Mark Wadsworth said...

L, private speculators taking positions on freely traded commodities and doing arbitrage with their own money are fine, I've no problem with that. As you say, type of insurance.

Soros might have made a few £billion for himself when GBP crashed out of ERM, but in the medium term, he did us a huge favour. If he'd been wrong and made a massive loss, who cares?

What is not fine is middlemen who somehow have a monopoly on imposing themselves between supplier and customer.

In the case of location values, the supplier is government/society and the customer is the person who lives there. Landlords collecting rent are a huge cost to govenment/society.

In my line of work, it's auditors - there is a legal obligation (also imposed by stock exchanges) to have accounts 'audited' which enables 'auditors' to charge vast amounts of money for a service which serves no useful purpose and for which there would be no demand (in the absence of the legal obligation).
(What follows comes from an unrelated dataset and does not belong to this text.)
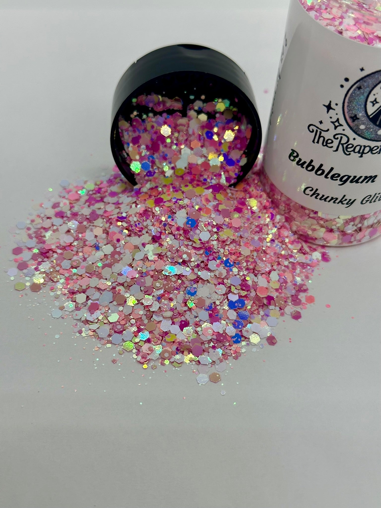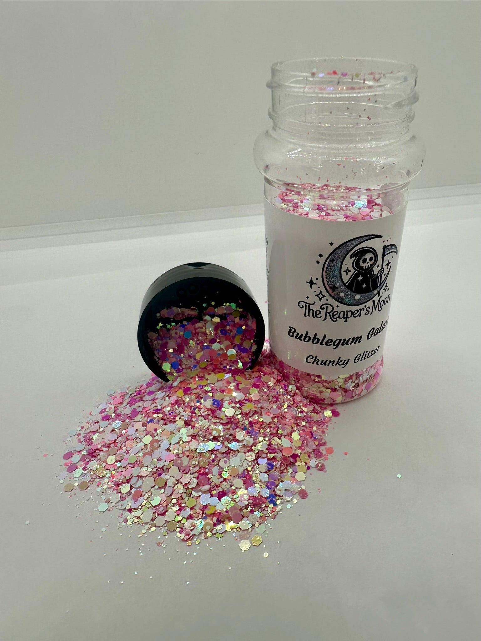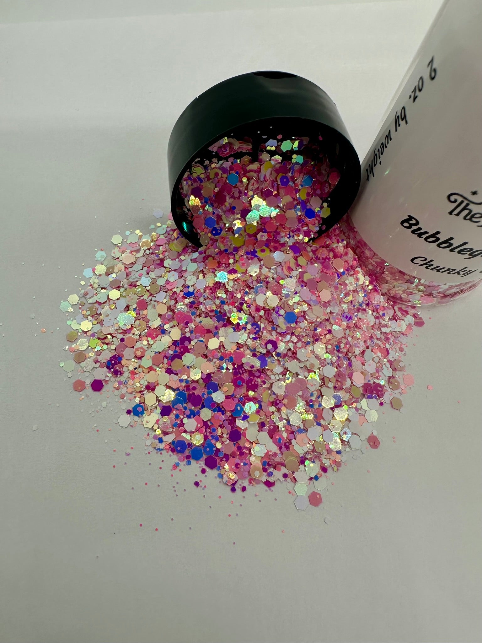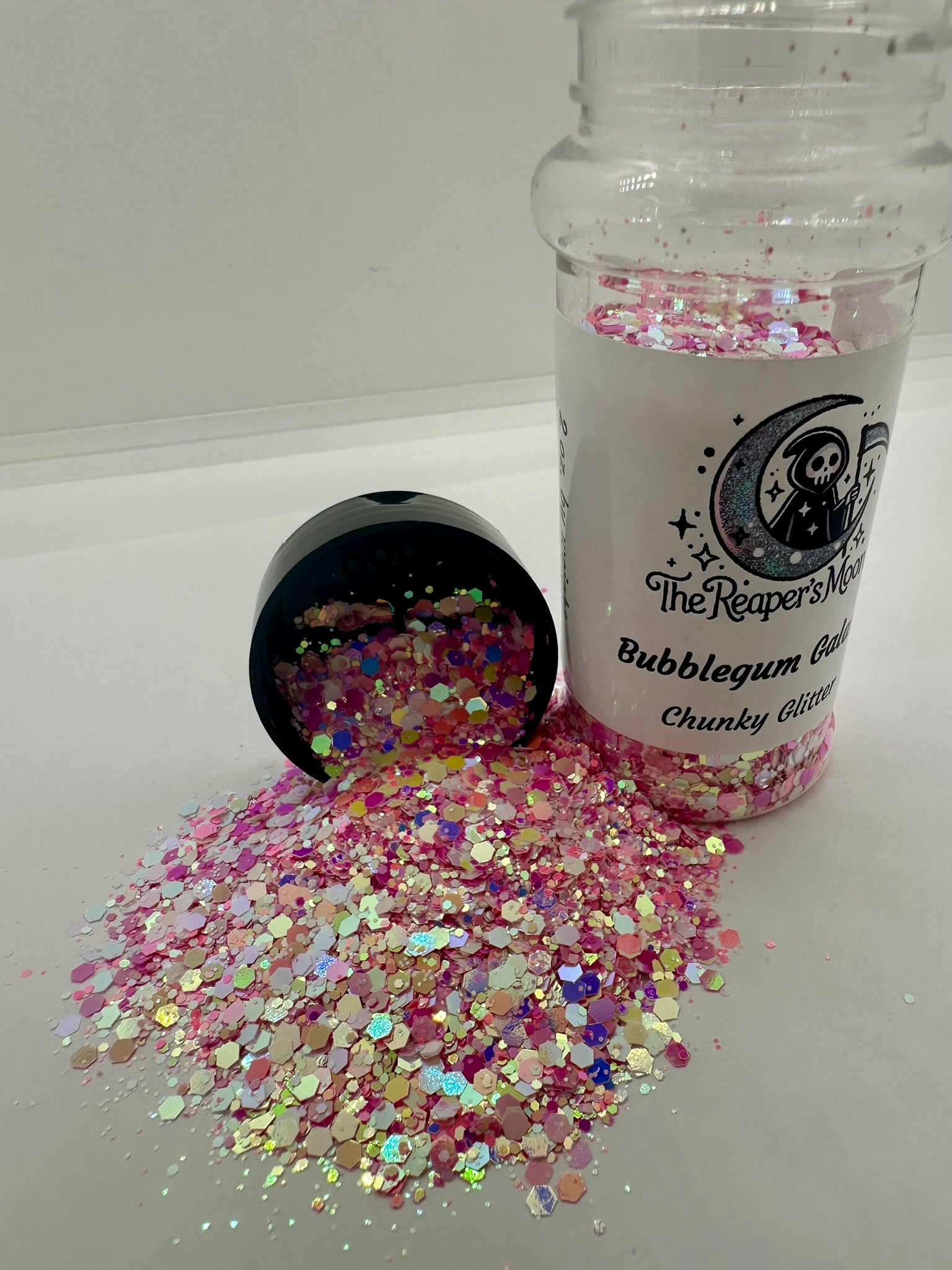 Dive into a cosmic swirl of color with our Bubblegum Galaxy glitter. Featuring a mix of hexagonal shapes in vibrant pinks, ethereal purples, and twinkling blues, each fleck catches the light for an irresistible, multi-dimensional sparkle.

Far better for companies to have the option of getting an insurer to underwrite their liabilities if they wish. With their own money at stake, you can bet that such insurers would be far better at rooting out fraud and error.

If a business doesn't want to pay insurance, then act in a trustworthy way, or just don't have any (big) liabilities in the first place.

Bayard said...

L,M, I've heard that EU governments are talking about bailing out brokers' margin calls. Is this just more shovelling money at middlemen?

Mark Wadsworth said...

B, if true, that is an outrage. EU is 60% bad, 40% good. Now we're out, I like to highlight some of the 40% good bits, in the spirit of fairness and being a good winner.

Lola said...

MW Agreed. In my line of work substitute 'pensions specialists' for 'auditors'.

Lola said...

B. Really? That is astonishing. Are they German or French brokers?

Mark Wadsworth said...

L, oh god, don't start me on 'actuaries'. It's a spreadsheet nowadays. Garbage in, garbage out. With a huge price tag.

Bayard said...

M, L, https://oilprice.com/Latest-Energy-News/World-News/How-European-Utilities-Can-Survive-1-Trillion-In-Margin-Calls.html

Mark Wadsworth said...

B, not enough info.

Who sold or bought what forward to whom? Who is asking for the margin payments?

(When I used to dabble in this stuff, I would e.g. buy JPY forward, if it went against me (i.e. JPY fell), the broker would ask me to bump up my deposit to cover the potential loss from that contract. I know the basics. Golden rule, if they ask for a margin payment, make the payment and cut your losses by closing the contract.)

Bayard said...

"Who sold or bought what forward to whom? Who is asking for the margin payments?"

Don't ask me, that article and others like it is all I have to go on. I know nothing about margin payments except what you have told me above. The subject just had the stench of corruption about it.